Arka Sokaklar, kimin eli kimin cebinde belli olmayan, hayatlarını büyük şirketler, lüks yalılar, özel şoförlü lüks arabalar, milyonluk kıyafet ve mücevherler, yatlar, rezidanslarla, bir eli yağda bir eli balda geçiren, kuyruklarda bekleyen yoksul, çalışan, işsiz ve emekli insanımızla adeta alay eden, izleyenleri hayal alemine sokan, boşanmalar, nikahsız yaşamlar, ailevi yıkıntılar, alkol-uyuşturucu bağımlılığı, ahlaksızlık, ateşli silahlar, şiddet ve kanunsuzluğu ön plana çıkaran başka dizilere hiç benzemiyor. Bu türden dizilerin çoğu, saman alevi gibi, kısa bir sure sonra yayından kaldırılıyorlar.
Dizinin emniyet bölümleri, Vatan Caddesi Emniyeti’nde çekiliyormuş. Toplumumuzu, daima olumlu yönde bilgilendirip yönlendiren bir dizi olmasaydı, devletin mekanlarını çekimler için tahsis etmezlerdi. Yıllar içinde diziden ayrılanlar olduğu gibi, ayrılanların yerine, kadroya yeni katılanlar da oldu. Dizilerde oynamak oldukça zor olmalı. Sabah erkenden sette olacaksın. Artık senin rolünün olduğu bölüm ne zaman çekilecekse, oturup bekleyeceksin ve bu her hafta ayni şekilde sürdürülecek. Baklava börek olsa, sıkılır insan. Buna rağmen dizi, izlendiği her akşam reyting rekorları kırıyorsa, başta Kıbrıs, Irak, Bulgaristan ve Almanya olmak üzere yurt dışında da izleniyorsa düşünmek lazım. Bu güne kadar kadar :
– ‘Antalya Büyükşehir Belediyesi ile Antalya Kültür Sanat Vakfı’nca (AKSAV) düzenlenen 2011 Antalya Televizyon Ödülleri’nde en iyi polisiye dizi ödülü’,
– ‘Magazin Gazetecileri Derneği (MGD) Altın Objektif Ödülleri 2016 – Özel Başarı Ödülü’

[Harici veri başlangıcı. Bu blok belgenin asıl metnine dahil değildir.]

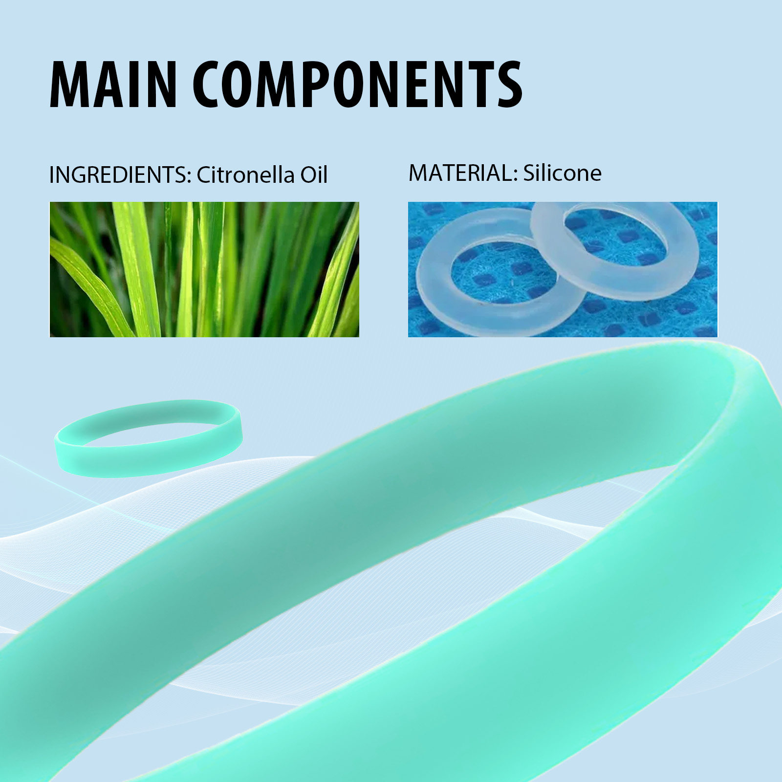 我们的驱蚊手环含有香茅油。它可以帮助赶走蚊子、蚂蚁、蟑螂和其他害虫防止害虫靠近你。它的使用方法很简单:把手环戴在手腕上,植物的香味可以驱蚊。并且可以防蚊虫、驱蚊。
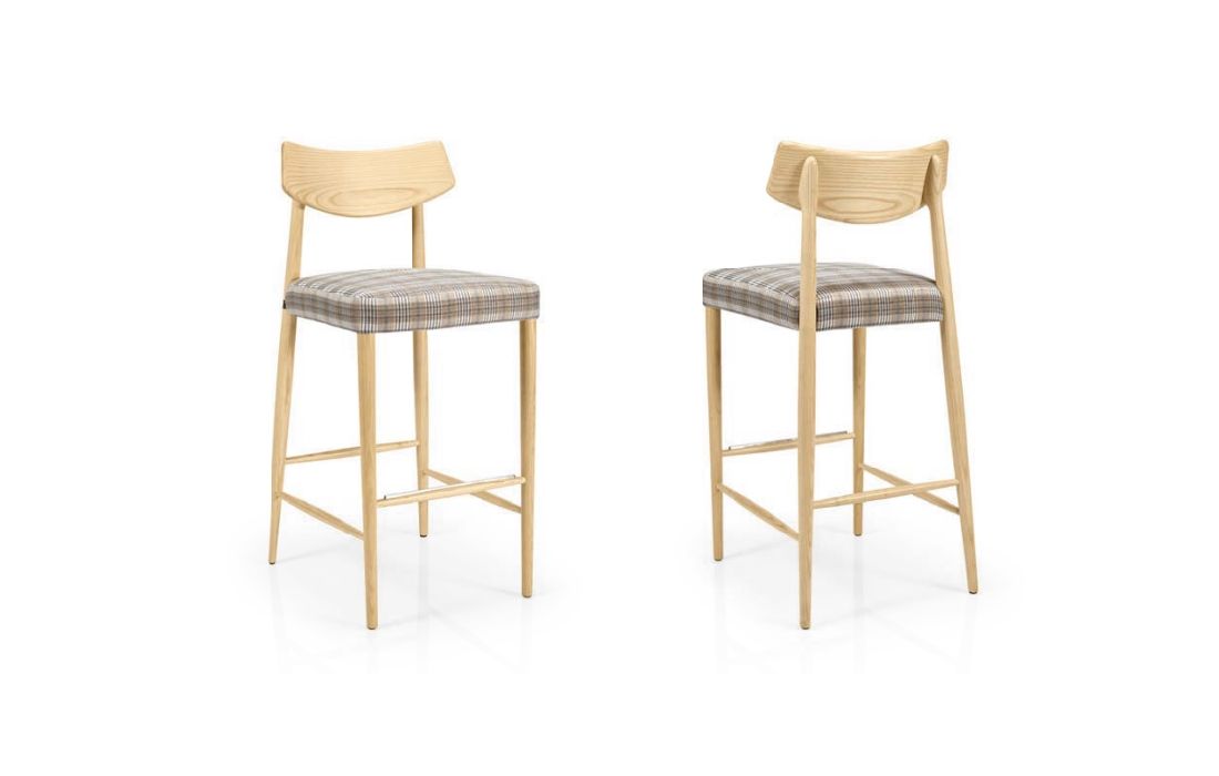 Banco Bar em tecido e estrutura de pernas em madeira de faia.
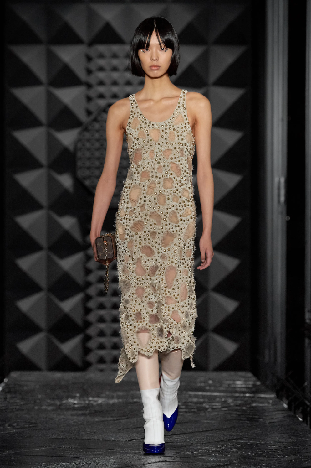 西裝配合晚裝裙,這種正式場合的穿搭公式被Nicolas Ghesquière模糊,將搭配融入日常生活裡。
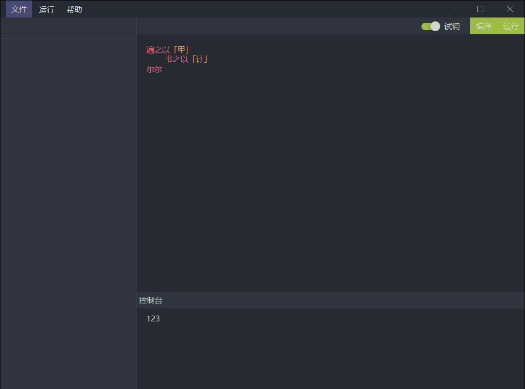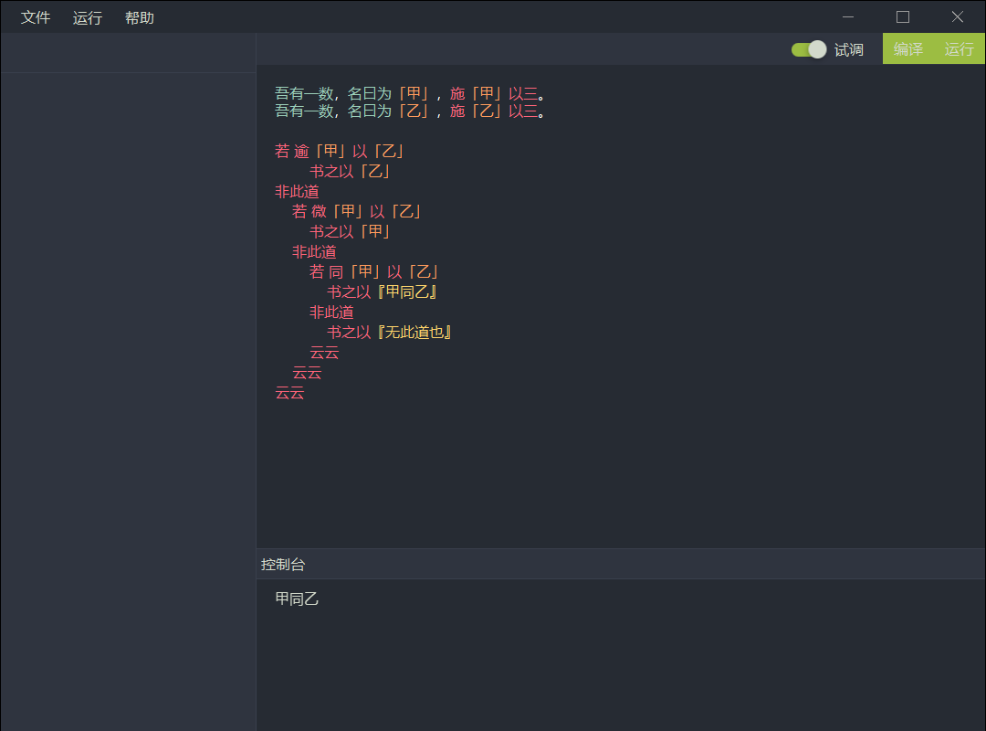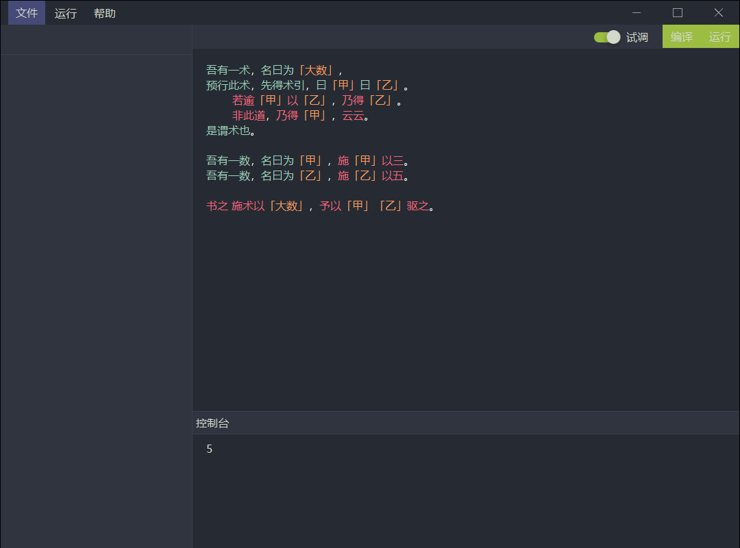 目录阅读本文时请先查看以下注意事项: 1标识符: 1变量声明: 1字符/字符串: 3二元运算: 3比较运算: 3输出(打印): 3循环: 4基于Java实现的文言文语法编程(及其编译器)说明阅读本文时请先查看以下注意事项:1、当前编译器并未提供注释的解析,在使用以下代码测试时,请去除以 // 注释的内容;2、由于古文并没有标点符号,为了增强代码可读性,编码过程中可按需加入逗号,句号,空格,Tab四种中文符号,但为了客观性,符号做了长度限制;3、与传统编程语言不同,该语法支持的是中文状态的符号(句号,逗号);4、实现语法功能有限。标识符:以「」包裹,且不出现关键字与数字变量声明:变量赋值:数字:基础数值组合元素:0、1、2、3、4、5、6、7、8、9分别对应文言文语法数值组合元素:零、一、二、三、四、五、六、七、八、九。支持单位有千万亿
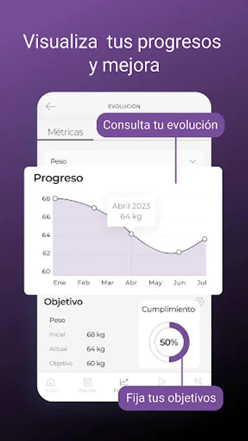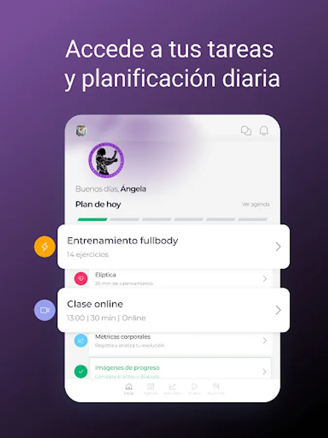 My Personalized App, where you will receive your daily training, your eating plan, and all the benefits of being in my team. Your entire plan is 100% personalized, in addition to a 1 to 1 contact with me VIP, therefore your results, evolution will be fast and efficient.

– ‘Engelsiz Yaşam Vakfı, 10. Yılın En İyileri Ödülleri – 2019 Yılının En İyi Polisiye Dizisi’ Best of Year Awards-Yılın En’leri Ödüllerinden – Yılın En Uzun Soluklu Televizyon Dizisi ödülünü aldı.
– Ayrıca, Ratel Medya ve Luna Medya ortak organizatörlüğünde, 2. Uluslararası Elmas Ödül Töreninde Arka Sokaklar’ın yapım firması Erler Film’in sahibi Türker İnanoğlu ”Yılın Dizi Yapımcısı” kategorisi ile ödüllendirildi. (dizidoktoru.com 7.6.2022)
Arka Sokaklar, yıllar içinde ödüllere layık görülmüşse , oyuncularını, yapımcı, yönetmen ve senaristlerini tebrik etmemiz lazım. İyi ki, toplumu doğru yönlendiren Arka Sokaklar dizisi ve dürüst polislerimiz var.